To load S3 files using the glob syntax, you can use the following workaround:

from s3fs import S3FileSystem
import xarray as xr

s3 = S3FileSystem()
xr.open_mfdataset(["s3://" + file for file in s3.glob("s3://mybucket/myzarr/*.zarr")], engine="zarr")

This workaround requires importing the S3FileSystem class from the s3fs library and using a list comprehension to append the "s3://" prefix to the file names.

Future plans

It is unclear whether the old behavior will be re-implemented. However, the xarray library is constantly evolving, and new features and improvements are being added regularly. Users are encouraged to stay up-to-date with the latest developments and to provide feedback on the library's design and functionality.

Conclusion

Q: What happened to the glob syntax for loading S3 files using the open_mfdataset function from the xarray library?

A: The glob syntax for loading S3 files using the open_mfdataset function from the xarray library is not working since the update to the new zarr specification.

Q: What is the error message I get when trying to use the glob syntax?

A: The error message you get when trying to use the glob syntax is:

TypeError: Unsupported type for store_like: 'FSMap'

Q: What is the workaround for loading S3 files using the glob syntax?

A: To load S3 files using the glob syntax, you can use the following workaround:

from s3fs import S3FileSystem
import xarray as xr

s3 = S3FileSystem()
xr.open_mfdataset(["s3://" + file for file in s3.glob("s3://mybucket/myzarr/*.zarr")], engine="zarr")

This workaround requires importing the S3FileSystem class from the s3fs library and using a list comprehension to append the "s3://" prefix to the file names.

Q: Why do I need to import the S3FileSystem class from the s3fs library?

A: You need to import the S3FileSystem class from the s3fs library because it provides the functionality for working with S3 files.
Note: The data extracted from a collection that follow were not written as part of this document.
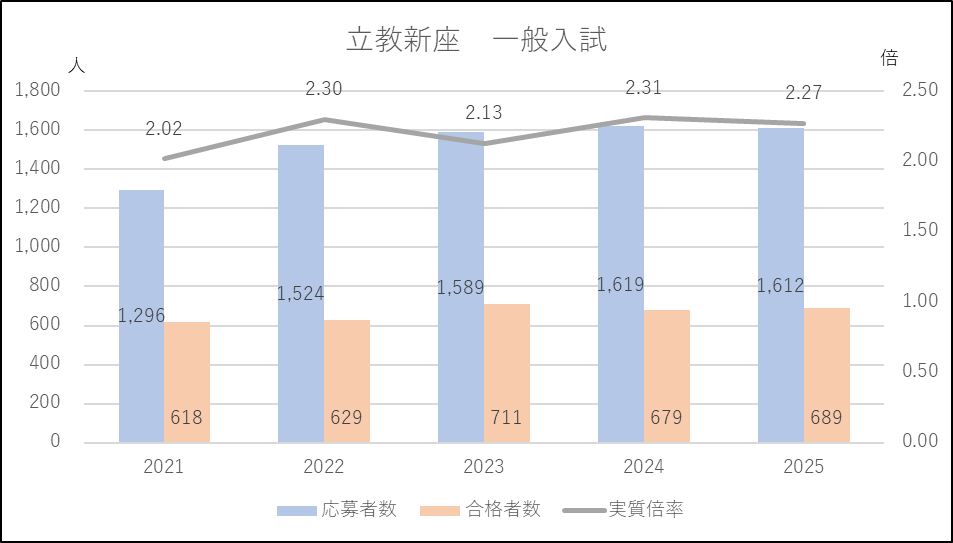 立教新座は一般入試日が2/1であることから,1/22から始まる大宮開成や栄東,2/7の慶應義塾志木,2/9の早稲田大学本庄などいろんな併願パターンが可能で,志望の順位もさまざまな多くの受験者が集まります。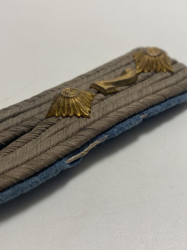Original German army shoulder board for a Transport Captain in regiment 7. A few moth nips to the piping on one side of the piece. Apart from this a nice example.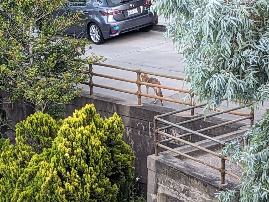 Over the past several years, numerous people in Dolores Heights have seen a female coyote who frequents the area and Dolores Park.  Some (especially those with small dogs and cats) are concerned about coyotes.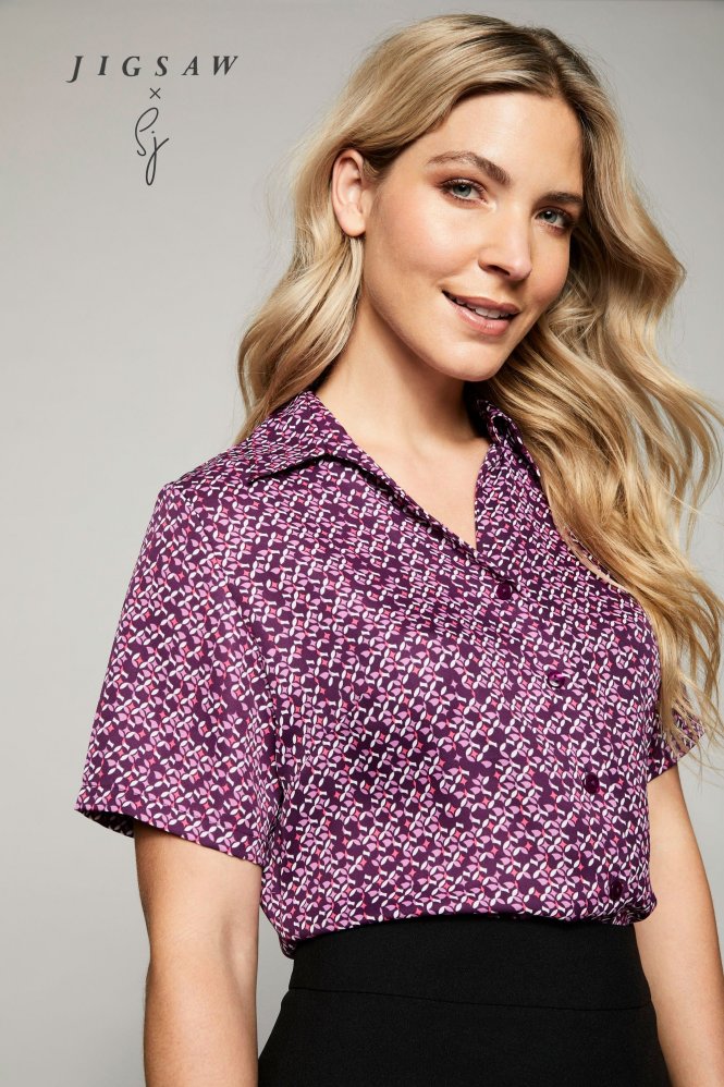 Short Sleeve Open Collar Blouse, Plum Micro Petal

The xarray library relies on the s3fs library to handle S3 file operations.

Q: Why do I need to use a list comprehension to append the "s3://" prefix to the file names?

A: You need to use a list comprehension to append the "s3://" prefix to the file names because the glob function from the s3fs library returns a list of file names without the "s3://" prefix. The list comprehension is used to create a new list with the "s3://" prefix appended to each file name.
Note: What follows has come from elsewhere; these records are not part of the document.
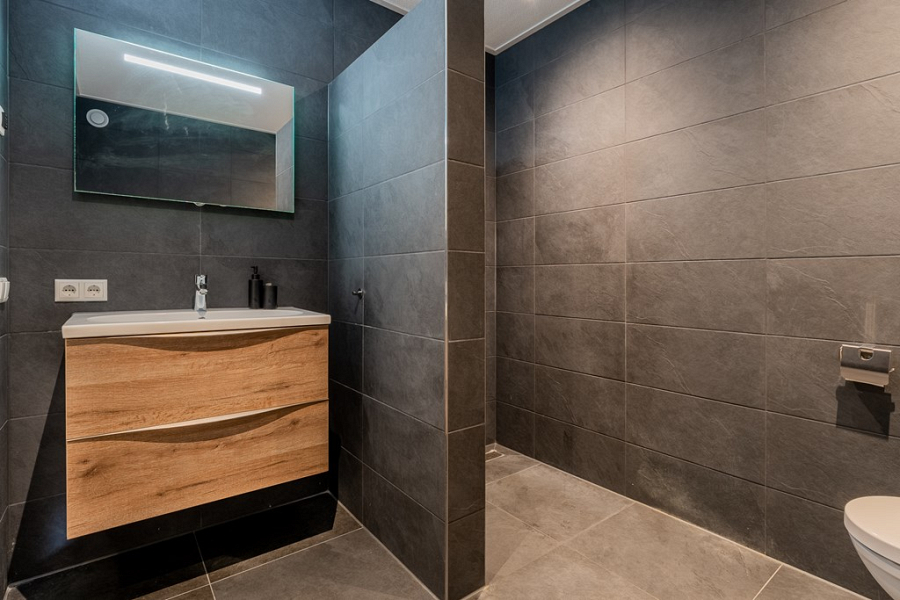 Terug naar de hal bereiken wij via de trap de verdieping. Hier bevinden zich de 2 slaapkamers en de ruime en elegante badkamer.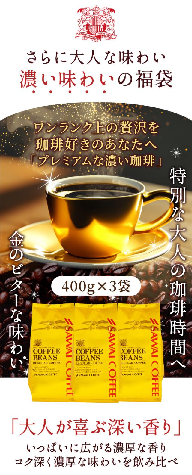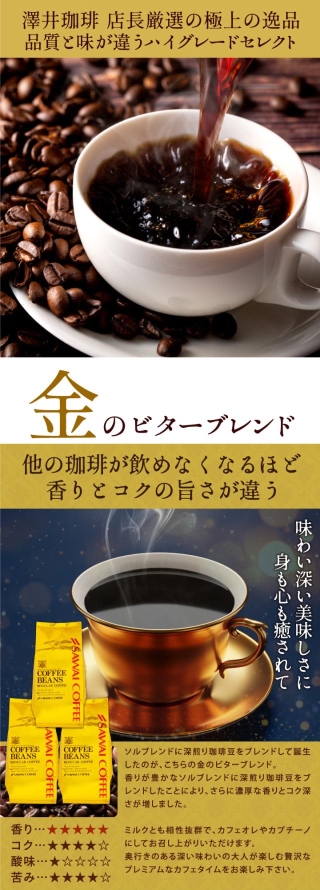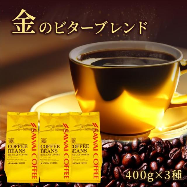 送料無料 コーヒー コーヒー豆 コーヒー粉 珈琲豆 豆のまま "香り高くコク深い時間" 澤井珈琲 金のビターブレンド 1.2kg セット 400g×3袋 香り強い コク深い 濃い味 苦味しっかり 毎日飲める 飽きない 飲みごたえ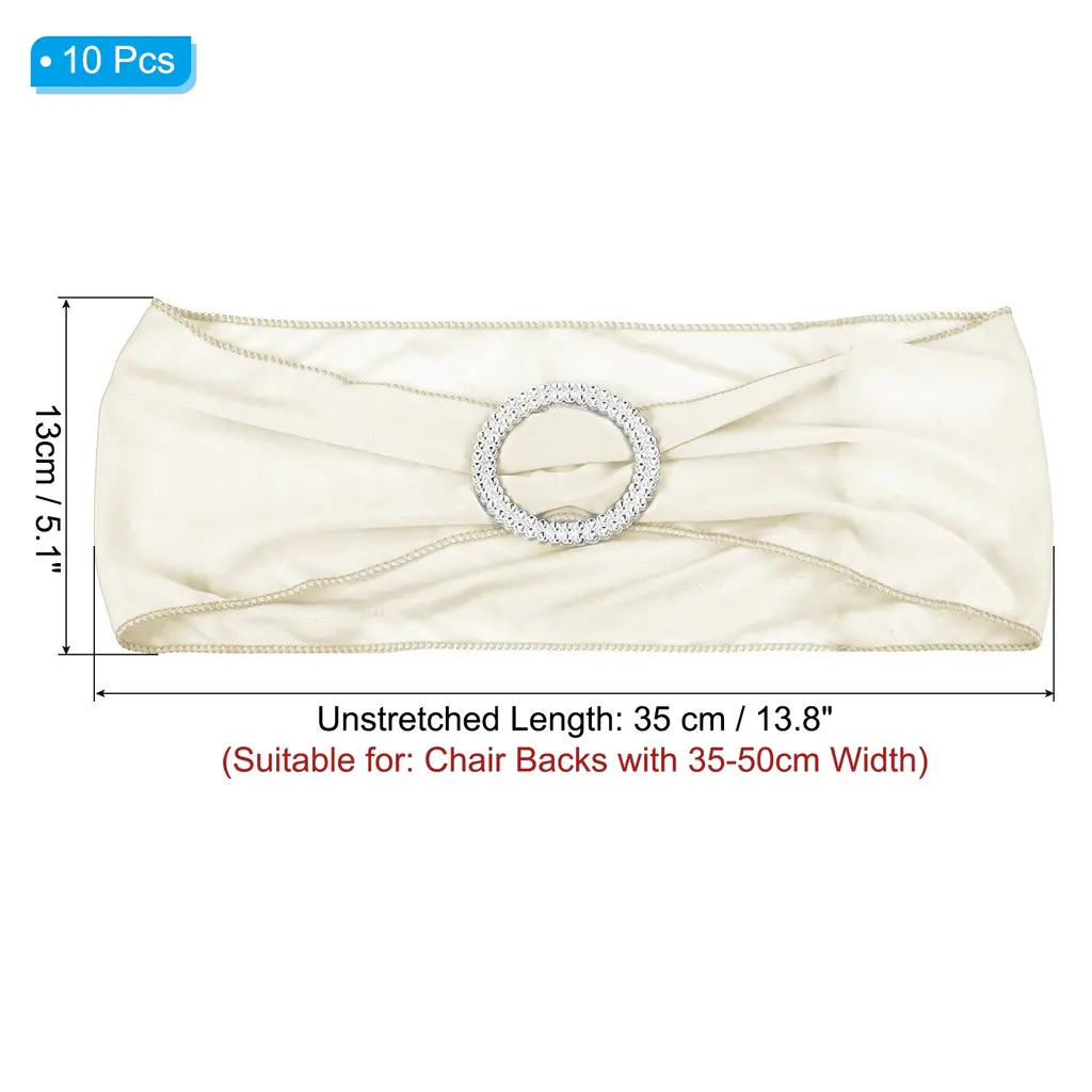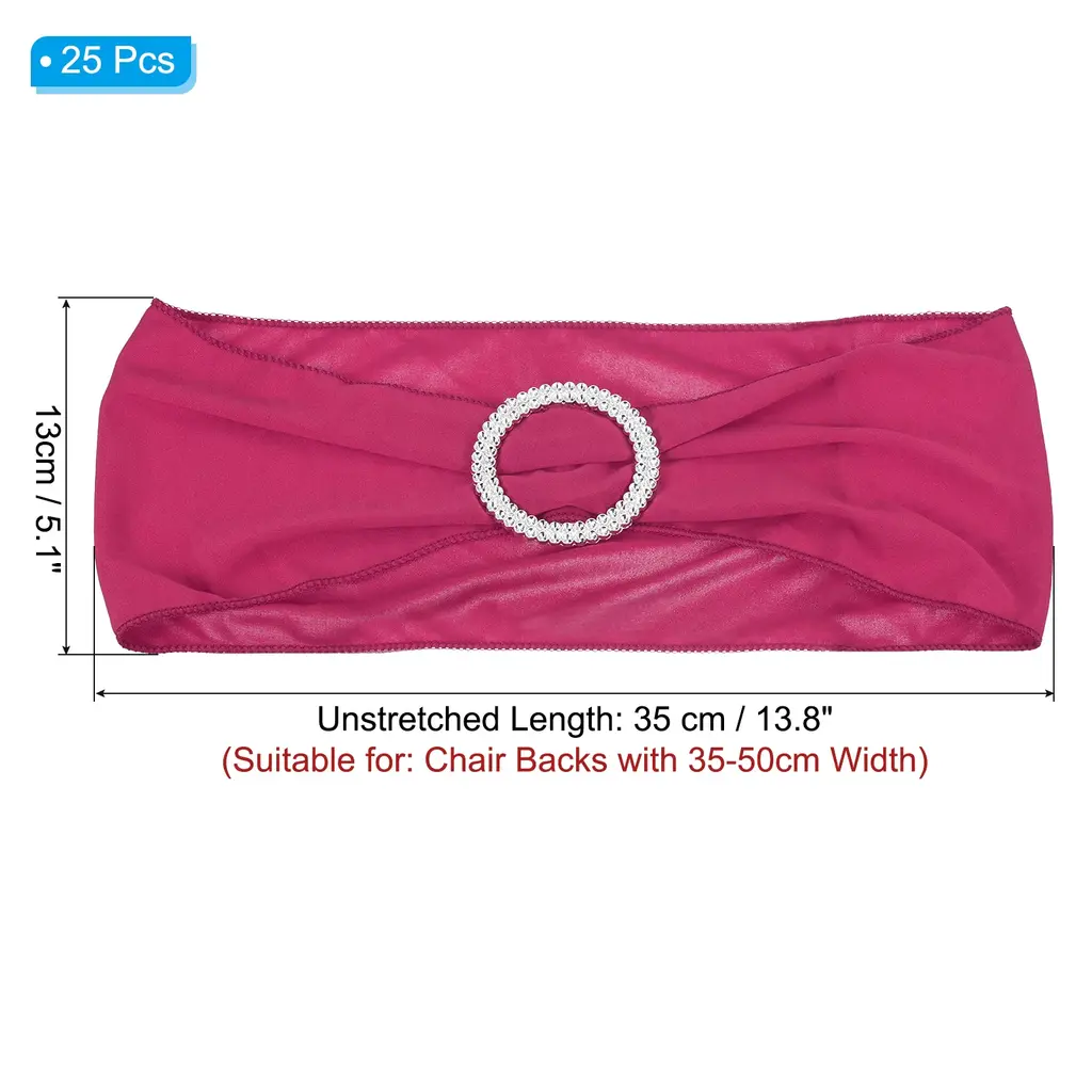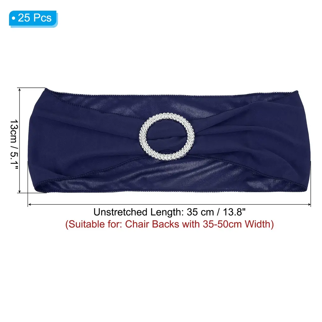 Banquet chair sash fits banquet chairs and folding chairs decorations for weddings, parties, celebrations, graduations, special events, and banquet events, makes the chair more tidy and beautiful, and is great for party decorations.SpecificationMaterial: PolyesterSuitable for: Chair Backs with 35-50cm WidthUnstretched Size: 35 x 13 cm / 13.8 x 5.1 inch (L*W)Packing List: 10 or 25 pcs x Stretch Chair Sashes BowsAdvantageThe chair belt is made of polyester material, flat and straight, not easy to shrink or deform after washing, and easy to wash and dry. Edges are stitched to prevent fraying.With a sliding buckle, the chair waistband can form folds into a design. The vibrant solid color design adds sophisticated elegance to gifts, crafts, or banquet halls.InstructionThe elastic band of the chair cover does not need to be tied with a bow, it only needs to be stretched on the chair cover, which is convenient to use.NOTE: Please make sure the size is correct before placing an order.

Q: Is the old behavior going to be re-implemented?

A: It is unclear whether the old behavior will be re-implemented. However, the xarray library is constantly evolving, and new features and improvements are being added regularly. Users are encouraged to stay up-to-date with the latest developments and to provide feedback on the library's design and functionality.

Q: What can I do to stay up-to-date with the latest developments in the xarray library?
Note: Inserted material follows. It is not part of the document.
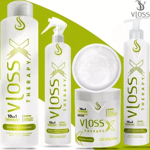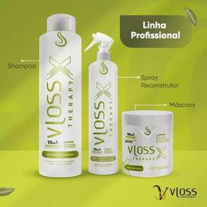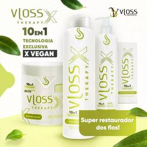 ATENÇÃOA Linha Vloss X Therapy é um tratamento multifuncional composto por óleo de coco, óleo de linhaça, óleo de semente de uva, manteiga de murumuru e manteiga de karité, que são excelentes emolientes naturais que proporcionam uma hidratação profunda nos fios, mantendo uma leveza surpreendente. Seus ativos são capazes de levar até a camada interna da fibra vitaminas e peptídeos que reparam os danos e nutrem profundamente de dentro para fora.O que você irá receber:Shampoo Vegano: 1 LMáscara 10 Em 1 Vegano: 500gSpray Reconstrutor: 300 MlLeave In Vegano: 300 Ml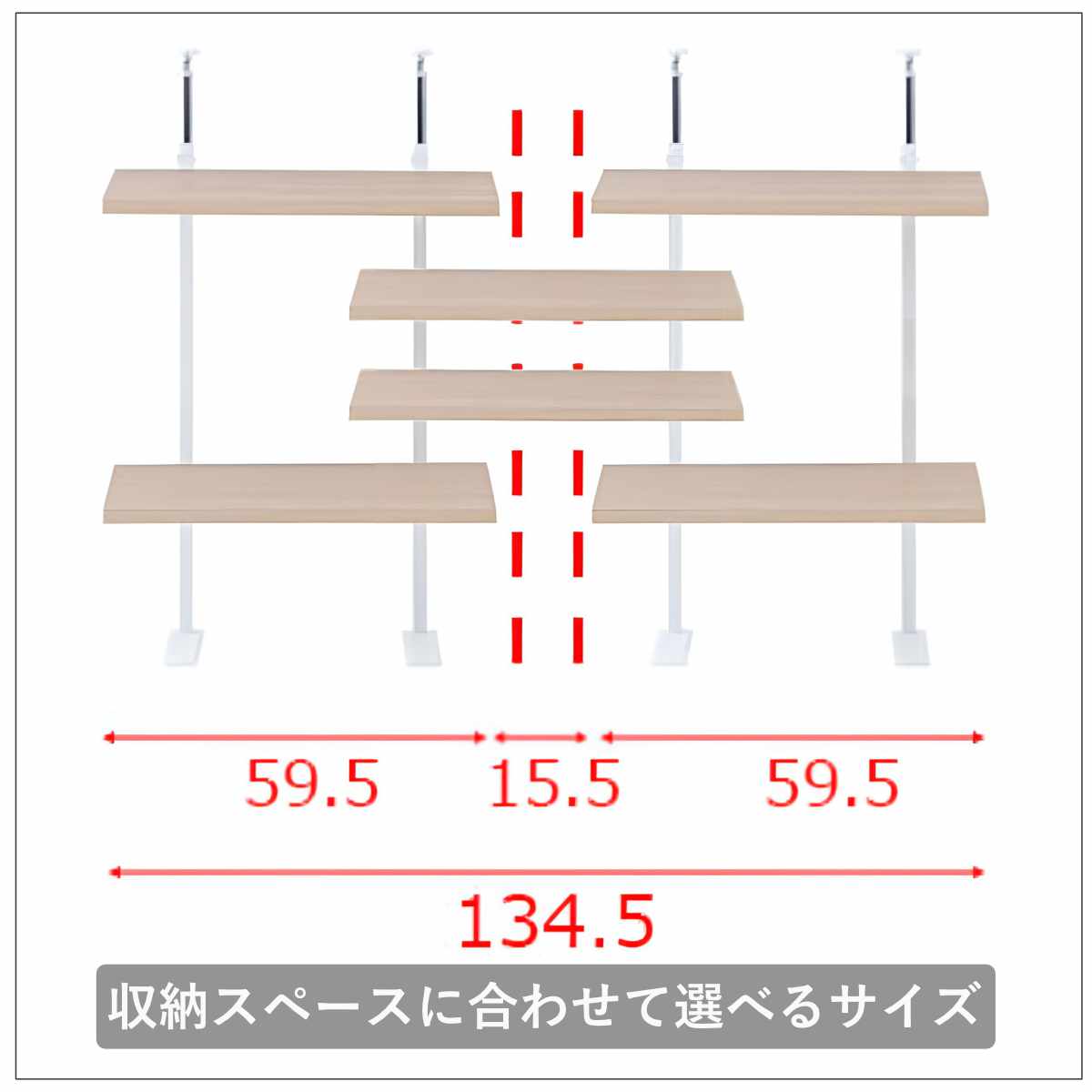 幅59.5cmの棚板を間に連結する場合は点線の間のサイズは15.5cm、幅89.5cmの棚板を間に連結する場合は点線の間のサイズは45.5cm、幅119.5cmの棚板を間に連結する場合は点線の間のサイズは75.5cmになります。

A: You can stay up-to-date with the latest developments in the xarray library by:

  • Checking the official xarray documentation for updates and changes
  • Following the xarray team on social media to stay informed about new features and releases
  • Participating in the xarray community by asking questions and providing feedback on the library's design and functionality

Q: How can I provide feedback on the xarray library's design and functionality?

A: You can provide feedback on the xarray library's design and functionality by:

  • Submitting issues and feature requests on the xarray GitHub repository
  • Participating in the xarray community by asking questions and providing feedback on the library's design and functionality
  • Reaching out to the xarray team directly to provide feedback and suggestions for improvement.